A granular detergent for an automatic dishwasher having an average particle diameter of about 1 mm and a bulk density of 0.95 g / ml was obtained. The above test was conducted on the detergent for an automatic dishwasher thus obtained. The results are shown in Table 7.

[0051]

[Table 7]

Claims (2)

[Claims] 1. An alkali which is a polycarboxylic acid or a salt thereof derived by oxidizing a polysaccharide having an anhydrous glucose as a constitutional unit and which is required for neutralizing and titrating an acid-type polycarboxylic acid is water. In terms of sodium oxide,
A detergent composition for an automatic dishwasher, comprising, as essential components, a polycarboxylic acid or a salt thereof having an average molecular weight of at least 435 mg or more per gram of the polycarboxylic acid and an amylase.
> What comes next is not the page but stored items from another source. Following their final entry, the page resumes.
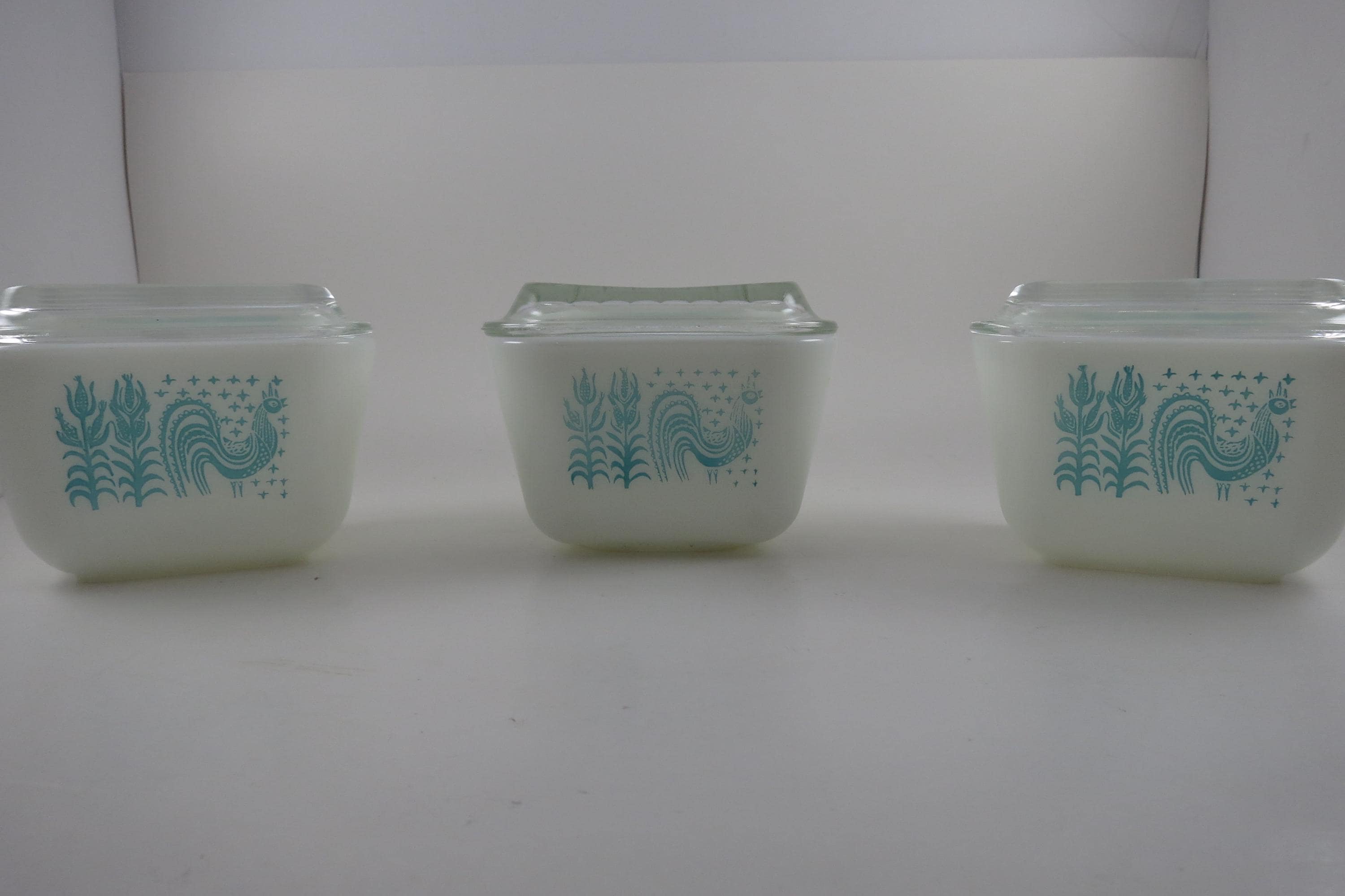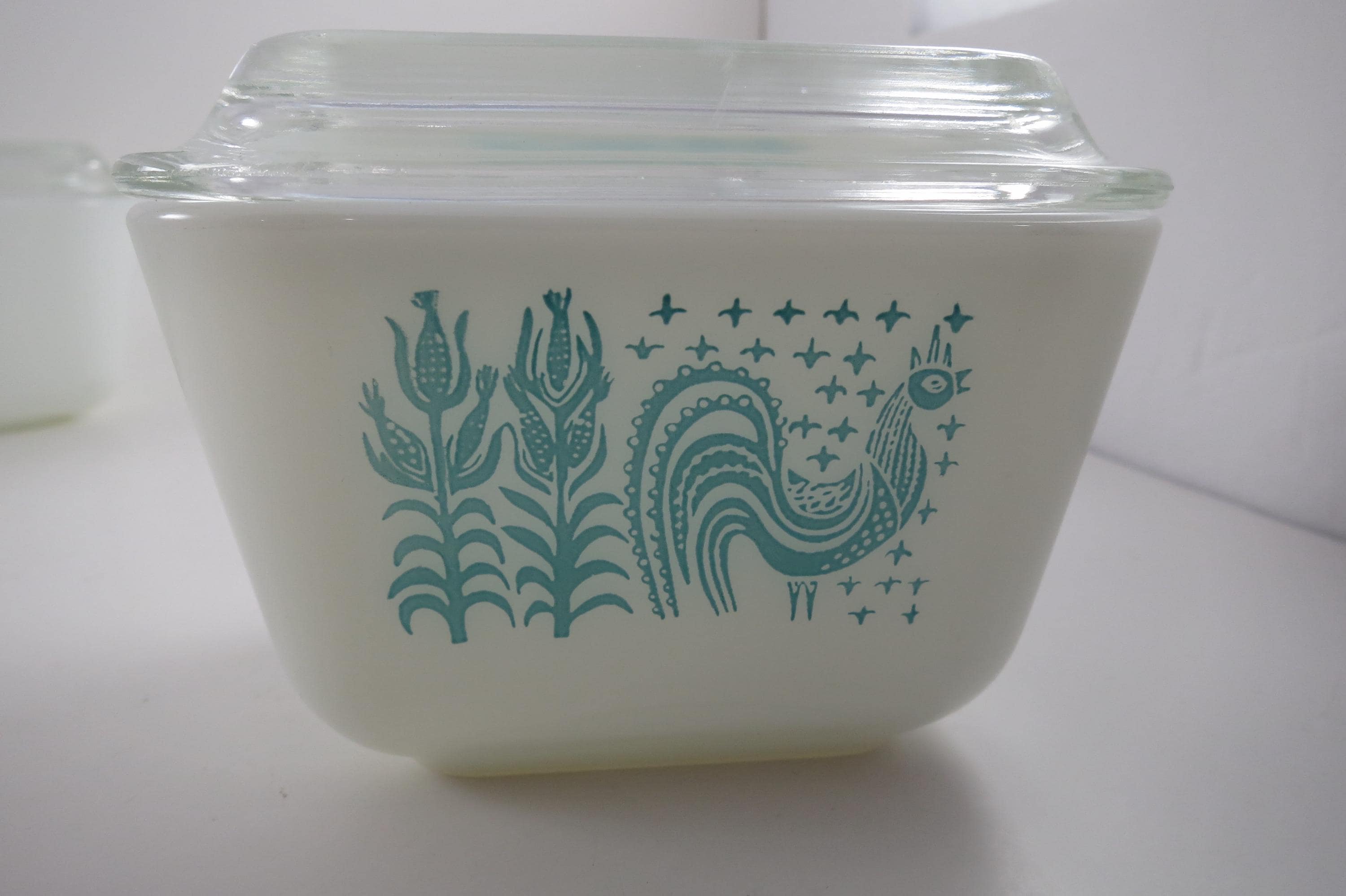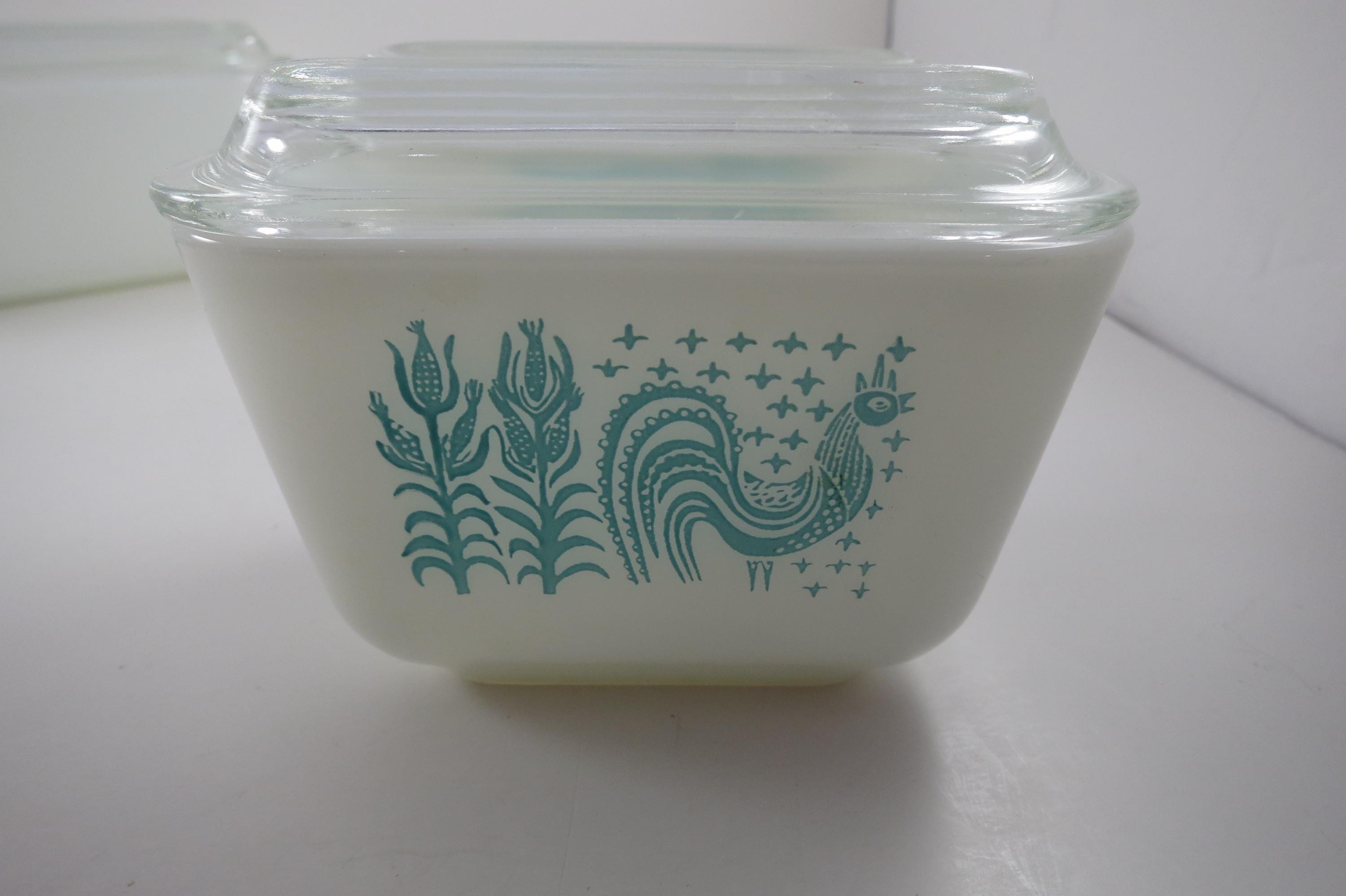Six Piece Vintage Pyrex Amish Butterprint Refrigerator Dish Set 501 502 with Lids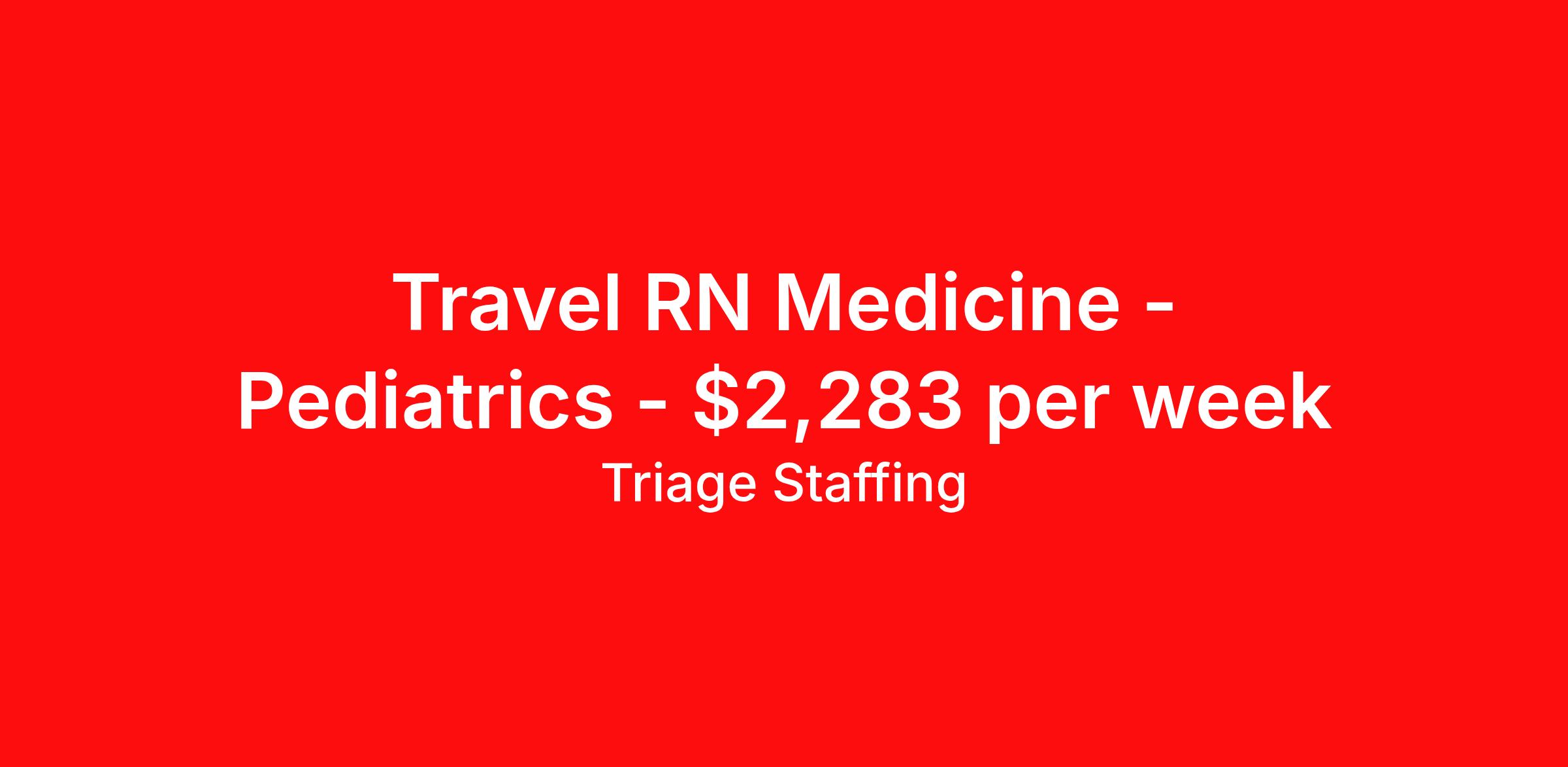Triage Staffing is seeking a travel nurse RN Pediatric Med Surg for a travel nursing job in Oklahoma City, Oklahoma. Job Description & Requirements Specialty: Pediatric Med Surg Discipline: RN Start Date: ASAP Duration: 13 weeks 36 hours per week Shift: 12 hours, days Employment Type: Travel Travel Nursing: Pediatrics Oklahoma City Location: Oklahoma City Start Date: 2/23/2026 Shift Details: 12H Days 36 hours per week Length: 13 WEEKS Apply for specific facility details.PEDS RN Triage Staffing Job ID D6WCFWAF. Posted job title: Nursing: Pediatrics About Triage Staffing At Triage, we prefer to be real . Real about expectations—both ours and yours. Real about how a decision you make today could affect your tomorrows. Real about how compensation actually works. Real about how great—or grating—your next supervisor may be. Being real allows everyone at Triage to be ready . Ready to serve you with real honesty. So if that gig near the ocean is really no day at the beach, or that third shift comes with a second-class rate, we tell you. So you can be ready, too. We staff all five major divisions of acute care—nursing, lab, radiology, cardiopulmonary and rehab therapy, offering: - Competitive, custom pay packages - One point of contact for both travelers and facilities (per division) - A reliable recruiter who's got your back throughout your entire assignment - In-house compliance and accounting specialists - A clinical liaison team available 24/7 to offer medical and professional support and career development - A mentoring program that is run and managed by actual clinicians—yeah, you read that right - And more (because of course there’s more) Are we the biggest? No. Are we the best? That’s rather subjective, but we’re trying to be. Will we work like hell to get you as close to your idea of heaven as possible? Yes. Yes, we will. Benefits: Day One comprehensive, nationwide insurance plans for health, vision and dental and life—including a HSA option Day One 401(k) program with employer-matching contributions once eligible Facility cancelling protection—your time is money on and off-the-clock Guaranteed hours Weekly paychecks via direct deposit Earned vacation bonuses for time worked Paid holidays Employee assistance program (EAP)—your mental health is important, too Continuing education, certification and licensing reimbursement Workers comp—because accidents happen Top-rated professional liability insurance Company provided housing options Referral bonus—$750 in your pocket after they’ve completed a 13-week assignment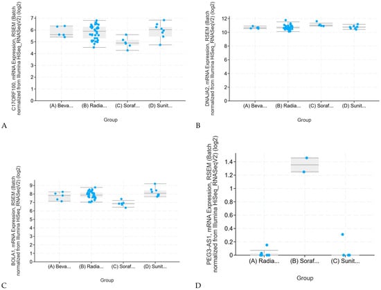 A more detailed analysis of each individual gene revealed that BOLA1 had the highest significant response to radiation therapy, bevacizumab, sorafenib, and sunitinib treatments in KIRC (Figure 4C), and in contrast, PEG3-AS1 showed the highest significant response to radiation therapy, sorafenib, and sunitinib, respectively (Figure 4D).
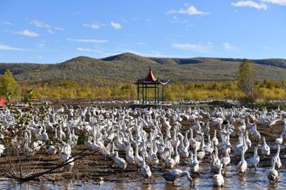 新林林業(yè)局依托當(dāng)?shù)厮葚S美的生態(tài)環(huán)境優(yōu)勢(shì),扶持開展“生態(tài)鵝”養(yǎng)殖項(xiàng)目,為職工開拓了增收致富的新途徑(崔紅霞 攝)
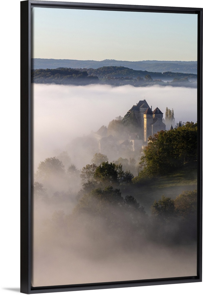 <p>Curemonte labelled l'un des plus beaux villages de France, most beautiful villages in France, in the morning mist, Correze, Nouvelle-Aquitaine, France.</p>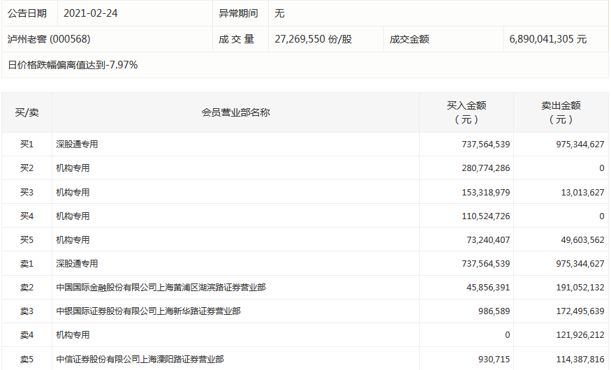 【泸州老窖跌停,四个机构席位买入逾6亿元】泸州老窖今日跌停。盘后数据显示,深股通卖出9.75亿元并买入7.38亿元,中金公司上海湖滨路卖出1.9亿元。一机构卖出1.22亿元,四机构买入6.18亿元。 风险提示及免责条款 市场有风险,投资需谨慎。本文不构成个人投资建议,也未考虑到个别用户特殊的投资目标、财务状况或需要。用户应考虑本文中的任何意见、观点或结论是否符合其特定状况。据此投资,责任自负。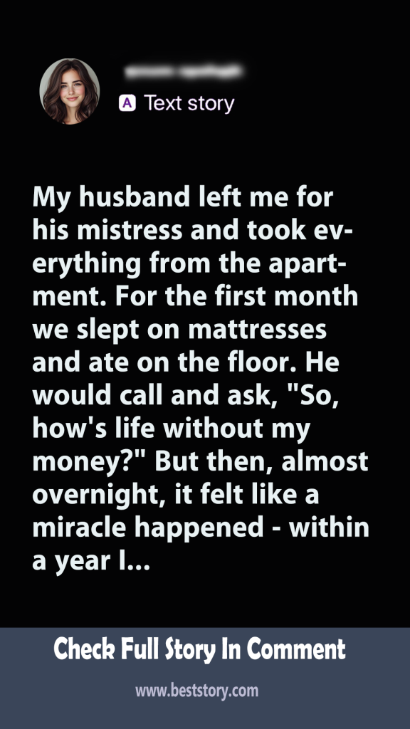 My husband left me for his mistress and took everything from the apartment. For the first month we slept on mattresses and ate on the floor. He would call and ask, “So, how’s life without my money?” But then, almost overnight, it felt like a miracle happened — within a year I learned something priceless: strength grows where tears once fell.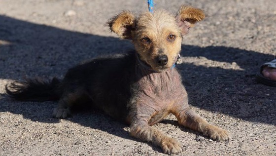Ciche psie cierpienie na maleńkiej wsi pod Radomskiem zostało zauważone i zgłoszone do Łódzkiego Towarzystwa Opieki nad Zwierzętami. Maleńka sunia wielkości yorka od wielu miesięcy znosiła ból i potworne swędzenie wywołane nieleczoną chorobą skóry. Pies nigdy nie był u lekarza weterynarii, nigdy nie widział też świata poza granicami łańcucha do którego był przymocowany. Nieporadność życiowa właścicielki, brak środków i świadomości o mało nie doprowadziły do śmierci ok. 2 letniej suni. Inspektorzy ŁTOnZ po przybyciu na miejsce podjęli decyzję o natychmiastowym odbiorze zwierzęcia. Teraz czeka nas długa i kosztowna droga do zdrowia psiny. Sunia od razu trafiła do lecznicy weterynaryjnej gdzie będzie miała wykonany komplet koniecznych do diagnozy badań i otrzyma odpowiednie leki. Zgreduszka, ważąca kilka kilogramów psina błagała o udzielenie jej pomocy. Sunia cały czas się drapie przez co powstają rany. Ratunek przyszedł w ostatniej chwili.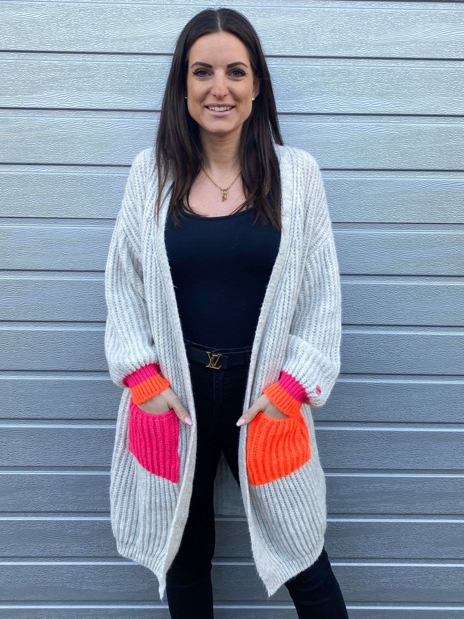 Oversize geschnittene Strickjacke mit farbig abgesetzten Taschen und Ärmelbündchen. Die Strickjacke ist wunderschön gestrickt mit Bündchen an den Ärmeln. Material: 42% Polyacryl, 30% Polyamid, 14% Wolle, 14% Viskose Größe: Onesize (passt Gr. 34 bis ca 42/44) Passform: gerade geschnitten, leicht oversize MADE IN ITALY.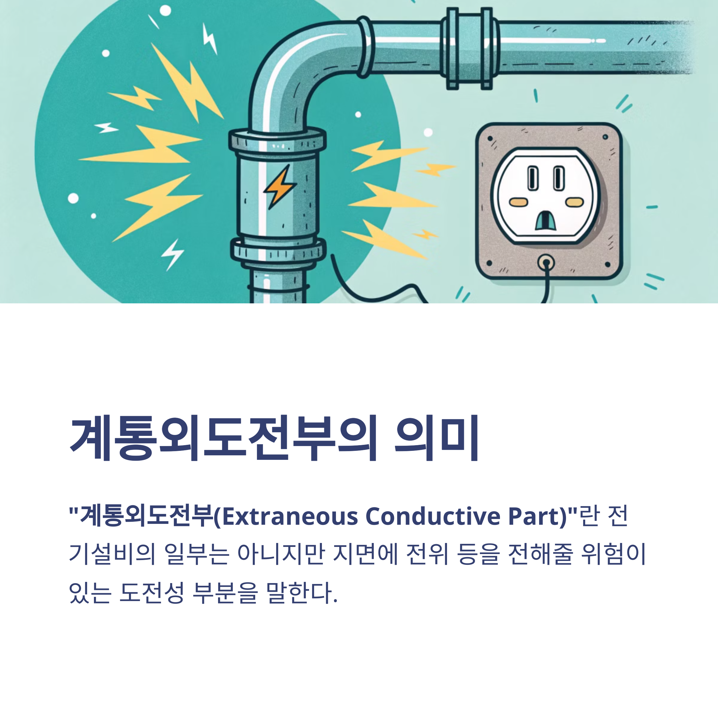 “계통외도전부(Extraneous Conductive Part)” 란 전기설비의 일부는 아니지만 지면에 전위 등을 전해줄 위험이 있는 도전성 부분을 말한다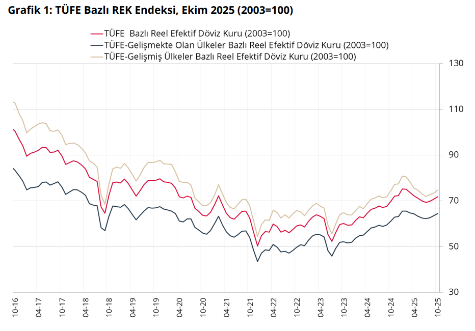 TÜFE bazlı Reel Efektif Döviz Kuru (REK) endeksi ekim ayında 71,87'ye yükselerek Nisan 2025'ten bu yana en yüksek düzeye çıktı. Türkiye Cumhuriyet Merkez Bankası (TCMB), TÜFE bazlı reel efektif kuru endeksi ekim verisini açıkladı. Reel Efektif Döviz Kuru (REK) endeksi, bir önceki aya göre 1,09 puan artarak 71,87'ye yükseldi. Endeks böylece Nisan 2025'ten beri en yüksek düzeye çıktı. Bu dönemde Yurt İçi Üretici Fiyat Endeksi (Yi-ÜFE) bazlı endeks ise ekim ayında bir önceki aya göre 0,79 puan artarak 95,53’e yükseldi. Reel efektif döviz kuru nedir? Reel efektif döviz kuru, Türk Lirası'nın satın alma gücünde olan değişimleri ortaya koyan bir veridir. Reel efektif kurun artışı Türk Lirası'nın değer kazandığını, Türk mallarının yabancı mallar cinsinden fiyatının arttığını gösteriyor. Reel efektif kurdaki düşüş yabancı mallar cinsinden fiyatın düşüşüne işaret ediyor. Reel efektif döviz kuru nasıl hesaplanır? Türkiye'nin dış ticaretinde önemli paya sahip ülkelerin para birimlerinden oluşan sepete göre, ikili ticaret akımları kullanılarak ağırlıklandırılan Türk Lirasının ortalama değeri ile nominal efektif döviz kuru hesaplanıyor. Nominal efektif döviz kurundan da nispi fiyat etkileri arındırılarak reel efektif döviz kuruna (REK) ulaşılıyor. REK, TÜFE, ÜFE ve birim işgücü maliyetlerden biriyle arındırılarak üç farklı alt endeks oluşturuyor. TCMB enflasyon hedefi kapsamında TÜFE bazlı REK'i esas alıyor.
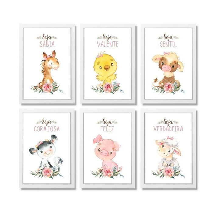 6 Quadros C/ Moldura Animais Da Fazenda Menina
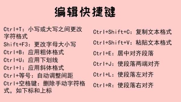 还有一些编辑快捷键也很好用,小伙伴们可以根据自己的需要进行记忆~

Stuff. 2. The polycarboxylic acid or a salt thereof contained as an essential component is a polycarboxylic acid or a salt thereof derived by oxidizing a polysaccharide having an anhydrous glucose as a structural unit, and is contained in the compound. Below,
The total content of a monocarboxylic acid or a salt thereof represented by the general formula (1) and a dicarboxylic acid or a salt thereof represented by the following general formula (2) is 10 mol% or less;
The compound according to claim 1, wherein at least 50 mol%, preferably at least 70 mol%, of the compound comprises a tricarboxylic acid or a salt thereof represented by the following general formula (3) and an unoxidized polysaccharide. 2. The detergent composition for an automatic dishwasher according to 1. Embedded image (In the formula, M ₁ represents a cation corresponding to monovalent such as a hydrogen atom or an alkali metal.) (In the formula, M ₂ and M ₃ represent a monovalent cation such as a hydrogen atom or an alkali metal.) (M ₄ , M ₅ and M ₆ in the formula represent a hydrogen atom or a cation corresponding to monovalent such as an alkali metal.)